In our study the iterative algorithm of Albers turns out not to work well for non-deterministic sales response functions with additive disturbances. Disturbances that directly affect sales cause elasticities and new allocation values to fluctuate. In addition to moving allocations far away from the optimal solution, these fluctuations sometimes even lead to negative slopes and hence negative elasticities.

To overcome these problems we develop a modified exploration–exploitation algorithm. In the exploration stage we use a modification of the iterative algorithm (Albers 1997). In the exploitation stage, we start with an approximation to the unknown sales response functions for each unit using a data set generated in the exploration stage. We use these approximations as inputs of a quadratic programming problem whose solution provides new allocations to the units. These new allocations and sales due to these allocations are added to the data. Based on the data set enlarged this way, approximations of sales response functions are updated, for which new allocations are determined by quadratic programming and so on for several iterations (i.e., periods). In each iteration the data are extended by allocations determined by an approximate optimal program and their corresponding sales. Therefore, the fit of the approximate response functions in a neighborhood close to the optimal solution gets more important.

4.1 Exploration

For exploration we modify the iterative algorithm of Albers (1997). Estimated elasticities are heavily influenced by the additive disturbances and often are even negative. That is why as first modification we project each elasticity value into the interval [0.01, 0.50], i.e., if the calculated value is above 0.50 it is set to 0.50 and to 0.01 if it is below 0.01. This value range conforms to the results of meta-analyses of advertising elasticities (Assmus et al. 1984; Sethuraman et al. 2011). Again, in an actual application a practitioner may choose any interval reasonable based on his expectations of the limits of the elasticity.

As second modification we add first order exponential smoothing in the following manner:

$$\begin{aligned} \tilde{\varepsilon }_t:= (1-\beta ) \tilde{\varepsilon }_{t-1} + \beta \hat{\varepsilon }_t \end{aligned}$$
(13)

with \(\beta \in [0,1]\). We use \(\beta :=0.85\) based on a Monte Carlo simulation with \(\beta \) as a regressor with discrete values between 0.05 and 1. However, other values can be used, based on how much influence of the previous period is desired. \(\tilde{\varepsilon }_t\) is the smoothed elasticity and \(\hat{\varepsilon }_t\) the estimated elasticity in period t.
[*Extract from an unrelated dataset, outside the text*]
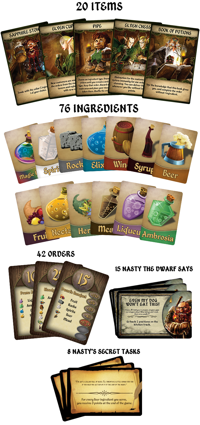 These locations are divided in 6 sections. The Main area, where the guests are located and from where each player must pick up an Order, Cellar where all the ingredients that are used to complete the Orders are located, Kitchen where players can work to receive different rewards, as well as the Chores section. Also, the board features the Wizards workshop where the players can seek help for completing the Orders and Nasty the Dwarf's office where the players can go and try to suck up to the boss and badmouth a coworker.

Exponential smoothing reduces the fluctuation of elasticities while still emphasizing more recent data points, which as a rule are nearer to the optimum. Exponential smoothing also serves to move elasticities away from the boundary values of 0.01 and 0.50.

Example 6

Returning to the initial Example 1, we might deduce that unit 1 yields higher sales than the other two, and suggest a second allocation of (4, 1, 1), which then (in the deterministic case) gives an objective value of

$$\begin{aligned} f_1(4)+f_2(1)+f_3(1)=5\root 3 \of {4}+ 3\root 8 \of {1}+ 3\root 8 \of {1} \approx 8+3+3=14. \end{aligned}$$

As the functional form is invisible to the allocation methods, we now need to estimate the elasticities, using the formula

$$\begin{aligned} \hat{\varepsilon _i} :=\frac{\varDelta f_i}{\varDelta x_i}\frac{x^{\prime}_i}{f^{\prime}_i} \end{aligned}$$

where \(f^{\prime}_i\) and \(x^{\prime}_i\) denote the values in the second period of unit i. We obtain

$$\begin{aligned} \hat{\varepsilon _1}=\frac{7.94-6.3}{ 4-2}\frac{4}{7.94} \approx 0.41, \quad \hat{\varepsilon _2}=\hat{\varepsilon _3} \approx 0.09 \end{aligned}$$

which is close enough to the actual elasticities of \(\varepsilon _1=1/3, \varepsilon _2=\varepsilon _3=0.125\).
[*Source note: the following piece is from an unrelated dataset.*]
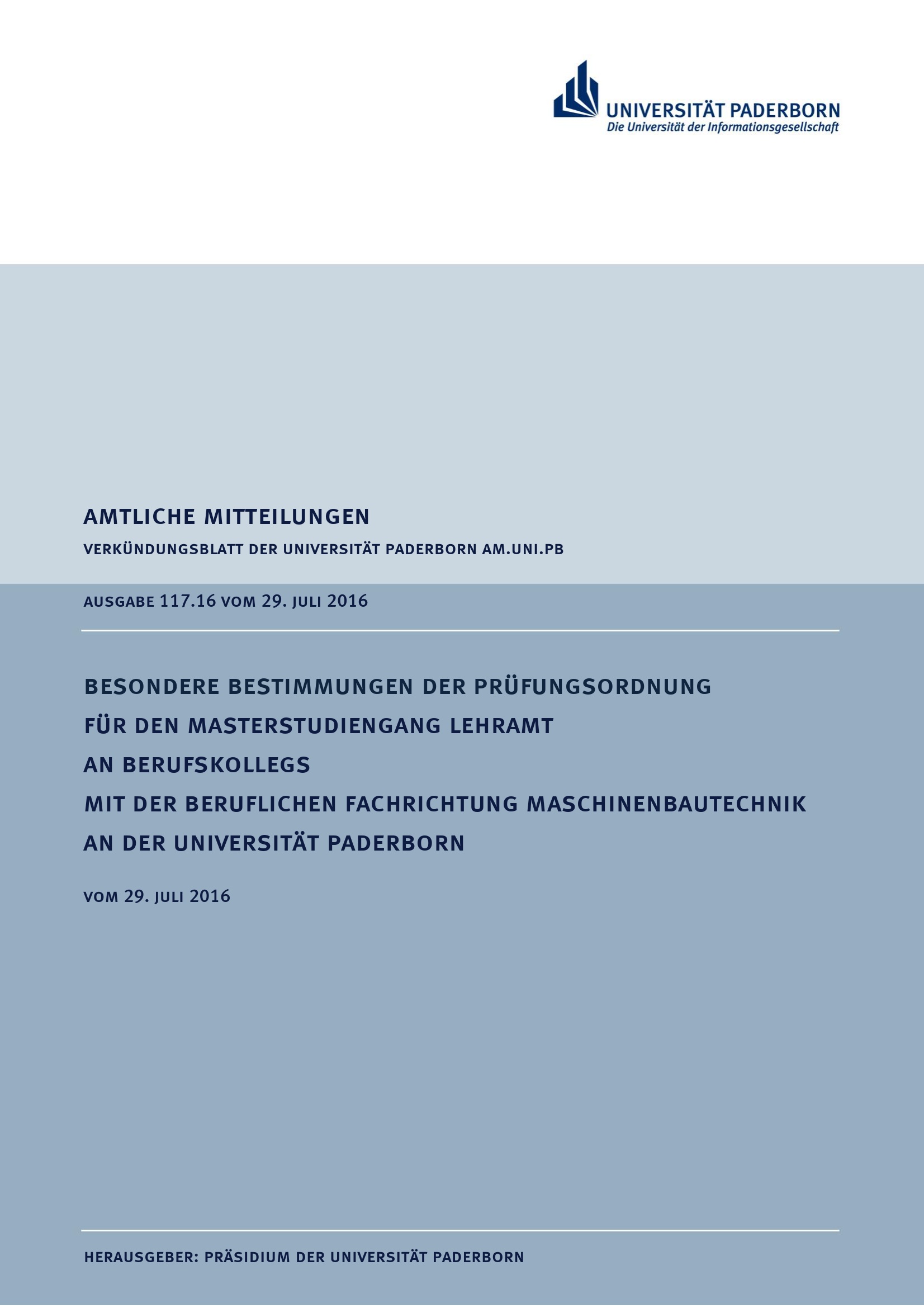 Besondere Bestimmungen der Prüfungsordnung für den Masterstudiengang Lehramt an Berufskollegs mit der beruflichen Fachrichtung Maschinenbautechnik an der Universität Paderborn : vom 29. Juli 2016

For the next allocation we use conditions (6) to obtain

$$\begin{aligned} x_1=B\frac{\hat{\varepsilon _1} f^{\prime}_1}{\sum _{i=1}^3 \hat{\varepsilon _i} f^{\prime}_i}=6 \cdot \frac{3.27}{3.82}=5.15, \quad x_2=x_3=0.43 , \end{aligned}$$

which in turn results in a new objective value of

$$\begin{aligned} f_1(5.15)+f_2(0.43)+f_3(0.43)=8.63+2.7+2.7=14.03 \end{aligned}$$

and we estimate the next elasticities. For example, we obtain

$$\begin{aligned} \varepsilon _1=\frac{8.63-7.94}{ 5.15-4}\frac{5.15}{8.63}=0.36. \end{aligned}$$

Had that value been higher than 0.5, we would have set it to 0.5. Before calculating the next allocation, we perform exponential smoothing by setting

$$\begin{aligned} \tilde{\varepsilon _1}=(1-0.85) \cdot 0.41+0.85\cdot 0.36=0.3675. \end{aligned}$$

We summarize these deterministic results on the left hand side of Table 4.

Table 4 Deterministic and stochastic examples

However, the deterministic approach is not in line with econometric sales response functions. Therefore, as shown in Example 5, we sample values u from a normal distribution whenever sales f are calculated and add them to obtain \(f_u:=f+u\).

Observe now the right hand side of Table 4. In the first two periods, very similar data result, however in period three, the error greatly influences the estimation of elasticities with \(\varepsilon _3^1=0.64>0.5\) and \(\varepsilon _3^3=-0.43<<0.01\). A naive continuation with Alber’s original rule would lead to implausible negative x-values. As explained, we set those elasticities to the interval boundaries of 0.50 and 0.01, respectively. We then apply exponential smoothing, to give them a small boost in the right direction.

In the following, we show how the algorithm tackles an alternative interval of elasticity values. To this end we assume that the decision maker operates in a specific industry and look up sales force elasticities for pharmaceuticals in a published meta-analysis (Albers et al. 2010). Figure 1C of this publication shows that most elasticities for pharmaceuticals fall into the interval [0.05, 0.35]. We therefore change the values of \(\varepsilon _3^1, \varepsilon _3^3\) to 0.35 and 0.05, respectively and continue the calculation. The updated smoothed elasticities (0.36, 0.10 and 0.07) are a lot closer to the exact values of \(\frac{1}{3}\) and \(\frac{1}{8}\). That makes sense intuitively, because we restrict the search to a smaller interval that contains all the sought elasticity values.

4.2 Exploitation

In the exploration stage the algorithm generates data points close to the optimum for a fixed number of periods. Nevertheless, elasticities still jump around too much. Therefore we need a method that dampens disturbances.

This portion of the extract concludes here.